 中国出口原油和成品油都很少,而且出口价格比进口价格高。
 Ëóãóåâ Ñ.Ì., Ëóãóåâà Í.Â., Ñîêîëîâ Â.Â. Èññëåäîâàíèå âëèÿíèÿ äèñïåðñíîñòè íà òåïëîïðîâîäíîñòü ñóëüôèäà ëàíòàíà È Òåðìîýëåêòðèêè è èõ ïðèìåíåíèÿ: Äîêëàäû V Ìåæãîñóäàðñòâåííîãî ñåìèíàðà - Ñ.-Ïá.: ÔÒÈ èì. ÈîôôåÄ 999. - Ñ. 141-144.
...
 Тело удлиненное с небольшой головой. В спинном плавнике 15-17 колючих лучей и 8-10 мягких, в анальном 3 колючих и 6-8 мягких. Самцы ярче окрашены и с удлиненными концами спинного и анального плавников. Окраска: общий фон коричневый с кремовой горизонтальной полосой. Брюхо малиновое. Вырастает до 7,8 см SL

(YOUR GOAL): Find the line with "中国出口原油和成品油都很少,而且出口价格比进口价格高。" in the material above. Reproduce it and each line after it up to and including the line with "Ëóãóåâ Ñ.Ì., Ëóãóåâà".

(WRITTEN REPLY):
 中国出口原油和成品油都很少,而且出口价格比进口价格高。
 Ëóãóåâ Ñ.Ì., Ëóãóåâà Í.Â., Ñîêîëîâ Â.Â. Èññëåäîâàíèå âëèÿíèÿ äèñïåðñíîñòè íà òåïëîïðîâîäíîñòü ñóëüôèäà ëàíòàíà È Òåðìîýëåêòðèêè è èõ ïðèìåíåíèÿ: Äîêëàäû V Ìåæãîñóäàðñòâåííîãî ñåìèíàðà - Ñ.-Ïá.: ÔÒÈ èì. ÈîôôåÄ 999. - Ñ. 141-144.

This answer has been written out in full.